[Goal of the exercise]
In this exercise, the entries below include pictures. Repeat exactly the lines from the line with "Love and Thanks" to the line with "Ofta är bastun", including both, but without the pictures.

[Supplied information]
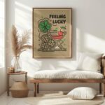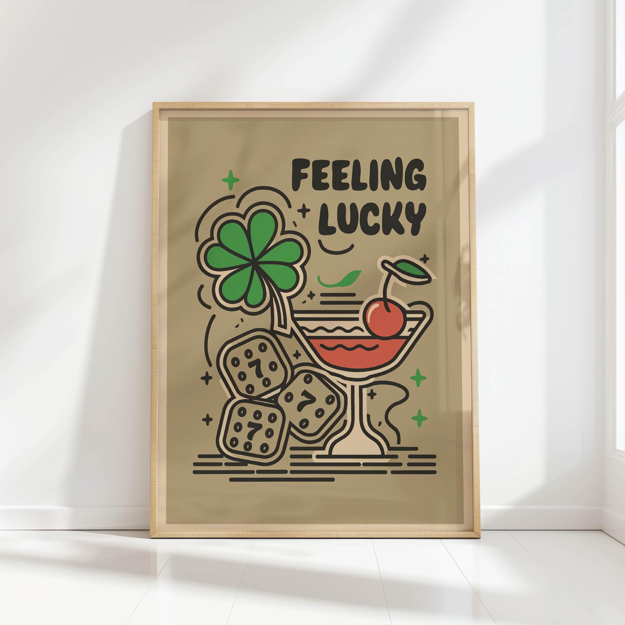This “Feeling Lucky” print captures the essence of classic gambling and good fortune with a whimsical twist. Featuring stylized dice, a vibrant cocktail with a cherry, and a four-leaf clover symbolizing luck, this artwork brings a touch of retro charm to any space. The playful design and neutral color palette make it a versatile addition, ideal for enhancing a game room, bar area, or any spot where you want to invoke the fun and excitement of feeling lucky.
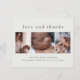 Love and Thanks Minimal 3 Photo Collage New Baby Thank You Card with simple type and 3 pictures of newborn on the front. The back has a personal message from the family. Click the edit button to customise this design with your photos and details.
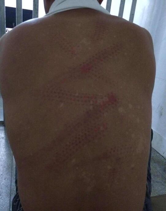 林金武的后背被警棍打得伤痕累累
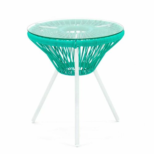 Купить Кофейный стол KORNERA «Акапулько», каркас белый, искусственный ротанг аквамарин с доставкой по всей России.
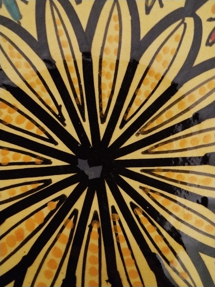 A vibrant close-up showcases a stylized, sun-like design. Black lines radiate from a central point, framing yellow, petal-shaped segments. These yellow segments are adorned with evenly spaced orange dots. The design creates a sense of radial symmetry and contrast. The colors are bold and high in saturation. The style suggests a decorative tile or ceramic piece.
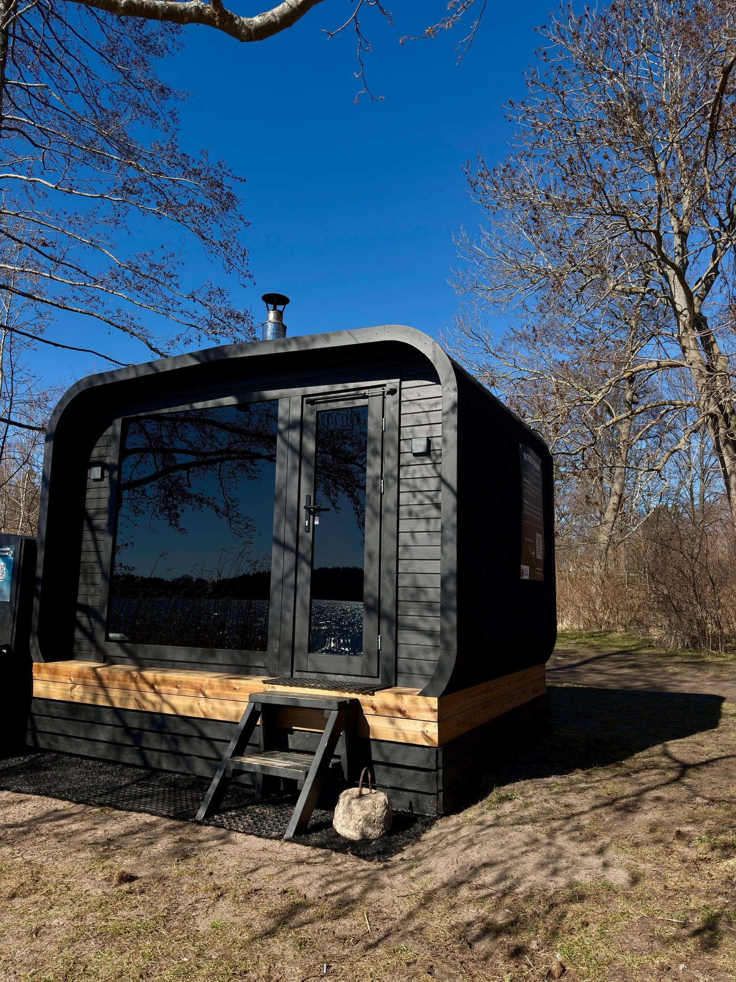 Ofta är bastun redan varm från ett tidigare sällskap, så boka gärna en tid direkt efter någon annan. Annars kan du komma tidigare och värma upp den själv. Ved och tändare finns på plats. Det tar cirka 30 minuter.
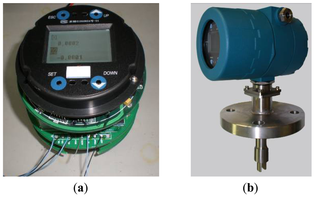 The on-line density sensor was developed initially for monitoring the retrieval operations from the radioactive waste storage tanks at the Hanford Site in Eastern Washington State (USA), and it is also of interest for many other applications [2,3]. The sensor can be used in a pipeline for process control in the petrochemical industry, in the production of chemical reagents, in food processing, in the production of paper, in the production of textiles, and so on. The sensor can also be placed in a vat to determine the density of the contents [4]. At present, the study on the liquid density measurement abroad is focused on ultrasonic method, but the ultrasonic measurement devices can only reach accuracies of 0.1% [5], which are still far from those achievable with laboratory measurement instruments that can reach 0.01% or better. Therefore, more accurate measurement sensors must be developed [6].

[Response to the task]
 Love and Thanks Minimal 3 Photo Collage New Baby Thank You Card with simple type and 3 pictures of newborn on the front. The back has a personal message from the family. Click the edit button to customise this design with your photos and details.
 林金武的后背被警棍打得伤痕累累
 Купить Кофейный стол KORNERA «Акапулько», каркас белый, искусственный ротанг аквамарин с доставкой по всей России.
 A vibrant close-up showcases a stylized, sun-like design. Black lines radiate from a central point, framing yellow, petal-shaped segments. These yellow segments are adorned with evenly spaced orange dots. The design creates a sense of radial symmetry and contrast. The colors are bold and high in saturation. The style suggests a decorative tile or ceramic piece.
 Ofta är bastun redan varm från ett tidigare sällskap, så boka gärna en tid direkt efter någon annan. Annars kan du komma tidigare och värma upp den själv. Ved och tändare finns på plats. Det tar cirka 30 minuter.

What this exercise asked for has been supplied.